Is it feasible to generate list of wikidata entries that

  • have interesting (long or featured) articles on Polish or English Wikipedia
  • have coordinates or are otherwise described as mappable object
  • are without wikipedia/wikidata tag
  • are located in Poland or around some specific location

?

To avoid XY problem - I want to add wikidata entries but I am bored by processing at https://osm.wikidata.link/ bunch of substubs without any interesting content. Also, trying to match major articles may help to detect missing OSM data.

Is it possible to get query result from http://88.99.164.208 using API? https://www.wikidata.org/wiki/Wikidata:SPARQL_query_service/Wikidata_Query_Help/Result_Views is mentioning only manual download

Mateusz Konieczny (talk) 08:32, 9 September 2017 (UTC)

Hi Mateusz, yes to all of the above :) First, you may want to take a look at the main WDQS (click "Examples" there) - it has a lot of Wikidata-only examples and info. Also some help links too. You may use the API directly (look in the browser debugger at the request it sends, and do the same). Its a simple GET request. Or you can use my python code, with http://88.99.164.208/bigdata/sparql endpoint.

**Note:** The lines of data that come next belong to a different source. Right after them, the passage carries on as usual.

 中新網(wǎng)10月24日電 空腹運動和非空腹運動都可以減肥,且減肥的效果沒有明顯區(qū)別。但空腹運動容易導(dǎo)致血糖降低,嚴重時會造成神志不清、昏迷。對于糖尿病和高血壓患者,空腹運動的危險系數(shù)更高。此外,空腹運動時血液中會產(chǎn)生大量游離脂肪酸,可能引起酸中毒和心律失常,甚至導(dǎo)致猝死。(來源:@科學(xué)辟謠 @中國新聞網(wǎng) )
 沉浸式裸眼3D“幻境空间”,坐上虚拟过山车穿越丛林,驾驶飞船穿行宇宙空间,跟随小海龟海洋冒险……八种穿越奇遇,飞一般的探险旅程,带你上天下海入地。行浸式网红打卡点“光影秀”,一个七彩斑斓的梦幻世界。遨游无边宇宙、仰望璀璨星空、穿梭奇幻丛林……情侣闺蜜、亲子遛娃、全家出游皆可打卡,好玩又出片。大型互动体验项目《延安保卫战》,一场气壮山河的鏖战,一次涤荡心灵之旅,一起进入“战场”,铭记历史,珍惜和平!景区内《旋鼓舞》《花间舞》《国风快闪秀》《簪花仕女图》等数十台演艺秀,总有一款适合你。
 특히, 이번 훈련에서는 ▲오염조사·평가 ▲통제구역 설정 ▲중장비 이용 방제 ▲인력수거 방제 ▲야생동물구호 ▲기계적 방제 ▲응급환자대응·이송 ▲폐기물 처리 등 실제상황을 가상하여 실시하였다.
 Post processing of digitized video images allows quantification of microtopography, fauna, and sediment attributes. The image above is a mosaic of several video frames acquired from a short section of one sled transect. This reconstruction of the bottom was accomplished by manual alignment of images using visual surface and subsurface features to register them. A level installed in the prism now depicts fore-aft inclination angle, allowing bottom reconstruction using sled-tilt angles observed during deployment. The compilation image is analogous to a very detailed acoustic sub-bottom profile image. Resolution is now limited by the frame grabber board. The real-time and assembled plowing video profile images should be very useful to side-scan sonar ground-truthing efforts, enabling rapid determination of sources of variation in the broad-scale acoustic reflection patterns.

I will post the queries here in a bit. --Yurik (talk) 01:06, 10 September 2017 (UTC)
P.S. Mateusz, I wrote a query per above and added it to examples. --Yurik (talk) 02:44, 10 September 2017 (UTC)
P.P.S Wikidata does not store article length, but it has page views counts, and how many different wiki languages have an article on the topic. Both are very good indicators of which objects should be shown first.
Is it possible to exclude events? Note that I am not interested in limiting to subclasses of Q618123 (that should be easier, but many entries in Wikidata lack "instance of"). I tried in Wikidata Query Service
SELECT ?item ?itemLabel
WHERE
{
  ?item wdt:P625 ?location.
  MINUS { ?location wdt:P31/wdt:P279* wd:Q1190554. }  # excludes events
  SERVICE wikibase:label { bd:serviceParam wikibase:language "en". }
}
LIMIT 10

but it timeouts for some reason. I looked at examples but I failed one that excludes items that are subclasses of something and once I tried adapt others I ended with query above that for some reason has performance problems. What is the CPU safe way of excluding events, without excluding objects missing instance of? I prefer false positives, I have no problem with adding missing "is instance".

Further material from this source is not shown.